* _EXERCISE OBJECTIVE_
For the entries below, repeat exactly each line starting with the one that contains "湖南省财政厅关于下达2020" and going on through the one that contains "This massively changes", and no others.
*****
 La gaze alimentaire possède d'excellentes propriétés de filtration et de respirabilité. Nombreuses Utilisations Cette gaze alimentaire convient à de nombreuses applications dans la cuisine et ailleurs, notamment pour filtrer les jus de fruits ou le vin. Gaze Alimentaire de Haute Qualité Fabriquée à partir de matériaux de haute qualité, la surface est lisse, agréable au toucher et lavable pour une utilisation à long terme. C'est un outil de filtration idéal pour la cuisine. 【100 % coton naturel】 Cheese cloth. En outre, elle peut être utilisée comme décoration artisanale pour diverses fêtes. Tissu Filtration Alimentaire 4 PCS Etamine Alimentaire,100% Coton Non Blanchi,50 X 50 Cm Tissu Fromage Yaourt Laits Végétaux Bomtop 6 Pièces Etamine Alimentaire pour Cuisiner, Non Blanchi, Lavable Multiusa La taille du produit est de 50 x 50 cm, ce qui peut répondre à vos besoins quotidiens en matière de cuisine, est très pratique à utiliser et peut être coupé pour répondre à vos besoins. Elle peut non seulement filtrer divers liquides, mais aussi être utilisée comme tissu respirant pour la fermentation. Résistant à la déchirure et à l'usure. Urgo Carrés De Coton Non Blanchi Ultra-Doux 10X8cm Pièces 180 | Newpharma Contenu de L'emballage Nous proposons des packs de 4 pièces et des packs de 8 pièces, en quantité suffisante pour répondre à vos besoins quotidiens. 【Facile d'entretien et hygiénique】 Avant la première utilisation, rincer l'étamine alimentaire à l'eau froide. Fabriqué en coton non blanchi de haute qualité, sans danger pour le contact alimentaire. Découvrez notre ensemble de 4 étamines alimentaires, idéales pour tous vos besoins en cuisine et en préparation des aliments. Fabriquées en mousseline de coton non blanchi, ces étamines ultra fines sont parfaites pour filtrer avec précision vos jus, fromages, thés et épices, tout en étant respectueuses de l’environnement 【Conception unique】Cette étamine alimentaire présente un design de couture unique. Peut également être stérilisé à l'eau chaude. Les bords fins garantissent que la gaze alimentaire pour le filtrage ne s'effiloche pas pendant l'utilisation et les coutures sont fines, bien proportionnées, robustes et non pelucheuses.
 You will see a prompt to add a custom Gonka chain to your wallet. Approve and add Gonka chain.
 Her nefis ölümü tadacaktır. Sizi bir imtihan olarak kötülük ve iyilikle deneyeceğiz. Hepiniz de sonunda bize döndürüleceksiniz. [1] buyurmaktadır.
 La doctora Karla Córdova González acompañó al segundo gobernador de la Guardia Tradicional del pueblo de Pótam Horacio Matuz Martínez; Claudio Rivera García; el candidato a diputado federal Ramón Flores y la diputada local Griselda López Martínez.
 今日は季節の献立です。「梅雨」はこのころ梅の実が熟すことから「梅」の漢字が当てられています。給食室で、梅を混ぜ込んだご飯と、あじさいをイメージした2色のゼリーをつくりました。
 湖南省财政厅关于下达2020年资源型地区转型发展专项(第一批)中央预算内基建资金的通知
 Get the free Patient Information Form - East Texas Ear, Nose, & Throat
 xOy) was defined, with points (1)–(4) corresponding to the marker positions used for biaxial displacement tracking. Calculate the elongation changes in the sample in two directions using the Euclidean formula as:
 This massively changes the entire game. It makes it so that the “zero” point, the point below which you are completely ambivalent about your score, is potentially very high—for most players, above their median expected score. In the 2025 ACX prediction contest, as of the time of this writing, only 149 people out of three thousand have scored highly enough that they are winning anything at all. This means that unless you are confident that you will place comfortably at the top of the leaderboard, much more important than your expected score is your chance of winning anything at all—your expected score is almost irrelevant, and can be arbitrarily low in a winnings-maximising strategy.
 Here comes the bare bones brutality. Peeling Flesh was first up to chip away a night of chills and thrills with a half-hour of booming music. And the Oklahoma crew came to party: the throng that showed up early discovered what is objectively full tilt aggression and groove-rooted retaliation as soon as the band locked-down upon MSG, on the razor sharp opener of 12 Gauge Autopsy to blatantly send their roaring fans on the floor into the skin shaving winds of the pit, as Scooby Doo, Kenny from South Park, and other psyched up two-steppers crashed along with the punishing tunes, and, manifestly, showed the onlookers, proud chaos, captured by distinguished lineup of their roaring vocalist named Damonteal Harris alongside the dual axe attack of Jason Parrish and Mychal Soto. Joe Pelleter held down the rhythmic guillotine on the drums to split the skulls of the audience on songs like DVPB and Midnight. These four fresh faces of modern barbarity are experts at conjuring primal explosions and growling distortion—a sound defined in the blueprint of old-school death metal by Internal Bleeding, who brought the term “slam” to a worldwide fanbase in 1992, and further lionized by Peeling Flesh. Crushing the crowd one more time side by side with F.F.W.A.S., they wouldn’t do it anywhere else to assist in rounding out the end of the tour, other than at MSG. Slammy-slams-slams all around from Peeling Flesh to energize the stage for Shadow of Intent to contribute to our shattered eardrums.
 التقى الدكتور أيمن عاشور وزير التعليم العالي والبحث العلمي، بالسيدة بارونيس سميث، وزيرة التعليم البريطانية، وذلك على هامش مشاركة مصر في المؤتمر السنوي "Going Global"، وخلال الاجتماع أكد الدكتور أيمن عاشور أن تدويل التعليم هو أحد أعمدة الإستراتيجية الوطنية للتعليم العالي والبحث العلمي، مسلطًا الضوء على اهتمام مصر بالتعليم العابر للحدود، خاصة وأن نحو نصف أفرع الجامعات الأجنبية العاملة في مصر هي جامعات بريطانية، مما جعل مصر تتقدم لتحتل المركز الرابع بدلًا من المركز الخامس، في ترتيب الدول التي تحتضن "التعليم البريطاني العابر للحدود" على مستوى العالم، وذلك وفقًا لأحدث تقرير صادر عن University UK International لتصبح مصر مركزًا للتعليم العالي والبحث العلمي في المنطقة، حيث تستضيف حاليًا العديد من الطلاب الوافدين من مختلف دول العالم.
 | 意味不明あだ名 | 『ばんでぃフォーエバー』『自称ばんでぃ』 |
*****
* _SOLUTION FOR THIS PROBLEM_
 湖南省财政厅关于下达2020年资源型地区转型发展专项(第一批)中央预算内基建资金的通知
 Get the free Patient Information Form - East Texas Ear, Nose, & Throat
 xOy) was defined, with points (1)–(4) corresponding to the marker positions used for biaxial displacement tracking. Calculate the elongation changes in the sample in two directions using the Euclidean formula as:
 This massively changes the entire game. It makes it so that the “zero” point, the point below which you are completely ambivalent about your score, is potentially very high—for most players, above their median expected score. In the 2025 ACX prediction contest, as of the time of this writing, only 149 people out of three thousand have scored highly enough that they are winning anything at all. This means that unless you are confident that you will place comfortably at the top of the leaderboard, much more important than your expected score is your chance of winning anything at all—your expected score is almost irrelevant, and can be arbitrarily low in a winnings-maximising strategy.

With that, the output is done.